Medicana International İzmir Hastanesi Acil Tıp Uzmanı Dr. Ekrem Musalar, “Ev halkı muhtemel bir depreme karşı ev içerisinde yaşam üçgeni oluşturabilecek, tıpkı şehir içlerinde belirlenen toplanma alanları gibi bir toplanma alanı belirlemeli. Bu yer evin iç noktalarında değil, dışarıya yakın bir yer olmalı. Bu toplanma alanında herkesin yerini bildiği bir deprem çantası ise mutlaka hazır bulunmalı” diye konuştu.
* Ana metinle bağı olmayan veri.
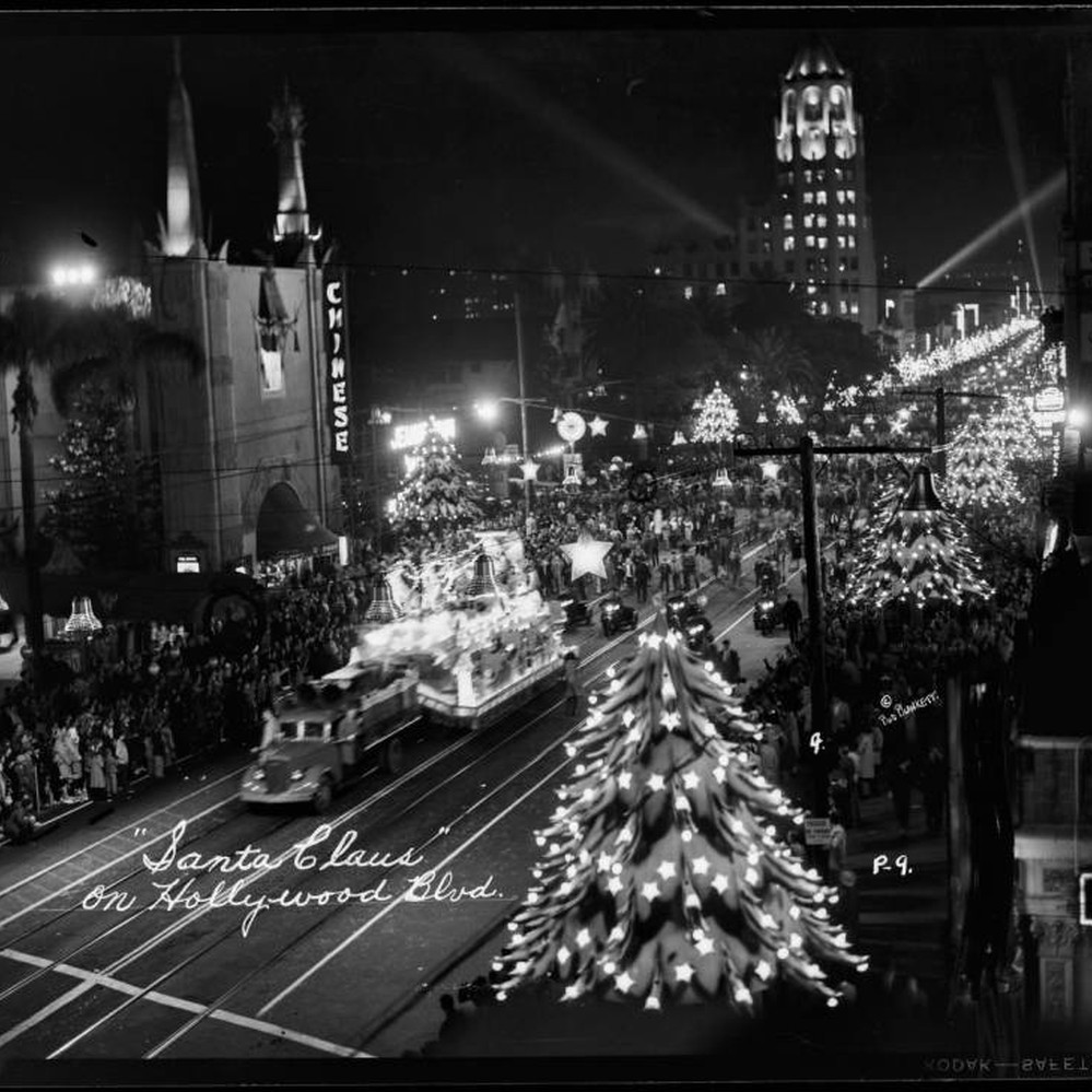 | (1945)* - A view looking down upon Hollywood Blvd. from the east on the eve of the annual Santa Claus Lane Parade (now called the Hollywood Christmas Parade). Christmas decorations can be seen on the festively lit boulevard. |

Binlerce can kaybına neden olan deprem felaketinin yaraları sarılmaya çalışılırken, Maden Tetkik Arama Genel Müdürlüğü tarafından geçtiğimiz günlerde paylaşılan, 5.5 ve üzeri büyüklükte deprem üretebilecek 485 diri fay hattının 45 il ve 110 ilçeyi tehdit ettiği bilgisi, Türkiye’nin bir deprem ülkesi olduğu gerçeğini bir kez daha gözler önüne serdi. Uzmanlar, depremlerle ilgili alınacak en önemli tedbirin elbette depreme dayanıklı sağlam binalar yapmak olduğunu üstüne basa basa vurgularken, deprem öncesi ve sırasında alınması gereken önlemler hakkında da bilgi verdi.
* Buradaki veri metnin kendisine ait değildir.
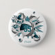Dieser Basketballknopf zeigt eine "Explosion" von aquamarinen, grauen und weißen Basketballkörben unterschiedlicher Größe sowie graue, aquamarine und weiße Sternformen - ein Muster von winzigen weißen Polka-Punkten bedeckt den aquamarinen Stern - angepasst an den Namen und die Jerseynummer des Athleten - von katz_d_zynes

Acil Tıp Uzmanı Dr. Ekrem Musalar, aile bireylerinin muhtemel bir deprem sırasında ev içerisinde birlikte sığınabilecekleri bir saklanma alanının belirlenmesi gerektiğini söyleyerek, “Ev halkı, kolay ulaşılabilecek, yatak yanı gibi, yaşam üçgeni olabilecek bir toplanma alanı belirlemeli. Tıpkı halka açık, şehir içinde belirlenen alanlar gibi, ev halkının deprem sırasında toplanabileceği bir alan. Bu yer balkon ya da yakın bir yer olmaması gerektiği gibi, evin iç alanlarında bir yer de olmamalı. Dış alana yakın bir yer olmalı ki, binanın muhtemel çökmesi durumunda kişiler daha kolaylıkla dışarıya çıkarılabilsin. Ailenin birlikte olması, aile üyelerinin birbirlerine psikolojik destek, yara bakımı ya da beslenme konusunda destek vermesi açısından çok daha iyi olacaktır” diye konuştu.
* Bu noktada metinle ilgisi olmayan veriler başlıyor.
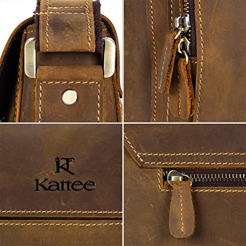 -. Brand : Kattee -. Color : Brown -. Department : mens -. EAN : 0689587288706 -. Feature : 100% brand new & High quanlity. Made of First layer Crazy-horse genuine cow leather. General used for male in daily life and business / Front flap with snap closure which is great for quick-access items. Front and back exterior with zipper pocket is convenient to hold small objects / Interior with two compartment pockets (fits IPAD), two zipper pockets, cell phone holder, wallet holder and two pen holders / Leather shoulder strap can be adjusted length freely, antique finish brass metal hardware / You can take IPAD, portable notebook, wallet, cell phone to this Cool leather shoulder Bag -. Label : Kattee -. Manufacturer : Kattee -. Model : XZ329BN -. MPN : XZ329BN -. PackageQuantity : 1 -. PartNumber : XZ329BN -. ProductGroup : Apparel -. ProductTypeName : LAGE -. Publisher : Kattee -. Size : Small -. Studio : Kattee -. Title : Kattee Leather Small Crossbody Messenger Shoulder Bag -. UPC : 689587288706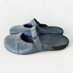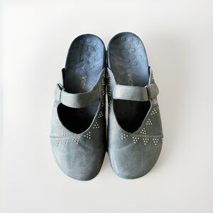 The Orthaheel Black Closed Toe Slide Sandals in size 9 are a stylish and comfortable option for women looking to add a touch of silver and blue bling to their outfit. The leather upper material and studded accents give these sandals a trendy and edgy look, perfect for a night out or a casual day look. The closed toe design and slide style make them easy to slip on and off, while providing support for all-day wear.

Çantanın içinde neler olmalı?

Ev halkının hepsinin yerini bildiği bir deprem sağlık çantasının, toplanma alanına çok yakın bir yerde muhafaza edilmesi gerektiğini belirten Uzm. Dr. Musalar, “Bu çanta kişileri yardım gelene kadar hayatta tutacak şekilde hazırlanmalı. Bu nedenle öncelikle yara temizliği için bol miktarda steril su bulunmalı. Kişiler hem sıvı ihtiyacını karşılar hem de yara temizliğini sağlayabilir. Yine basit yara bakımı için iyot içerikli dezenfektan, yarayı sarmak için steril sargı bezi, yara tamponu, flaster ve yara bandı bol miktarda bulunmalı. Elbette varlığını duyurmak için düdük, el feneri, cep telefonu için harici batarya, yedek pil, termal içlikler, kuru gıda maddeleri mutlaka bu çantanın içerisinde yer almalı” dedi.

İlk kez 17 Ağustos depreminin ardından literatüre giren Crush Sendromu, enkazdan çıkan kişilerde sıklıkla görülüyor. Enkaz altında kalan kişilerde ezilme biçiminde yaralanma, sıkışma ve hareketsizlik sonucu ortaya çıkan sendromun en çok böbrekleri etkilediğini belirten Uzm. Dr. Musalar, “Kişinin enkaz altından sağ çıkarılması ne yazık ki her şeyin yolunda olduğu anlamına gelmiyor, sonrasında geç ölümler görülebiliyor. Kişide herhangi bir iç kanama olmasa bile ezilmeye ve kas yıkımına ve enkazda kalınan süre boyunca sıvı alınmamasına bağlı olarak böbrek yetmezliği gelişebiliyor. Ne yazık ki enkaz altında kalan çoğu kişide bu sendrom görülüyor. Bu nedenle enkazdan çıkarılan kişinin ivedilikle hastaneye ulaştırılması, şok ve böbrek yetmezliği riskinin azaltılması için gerekli tedaviyi alması gerekir” şeklinde konuştu.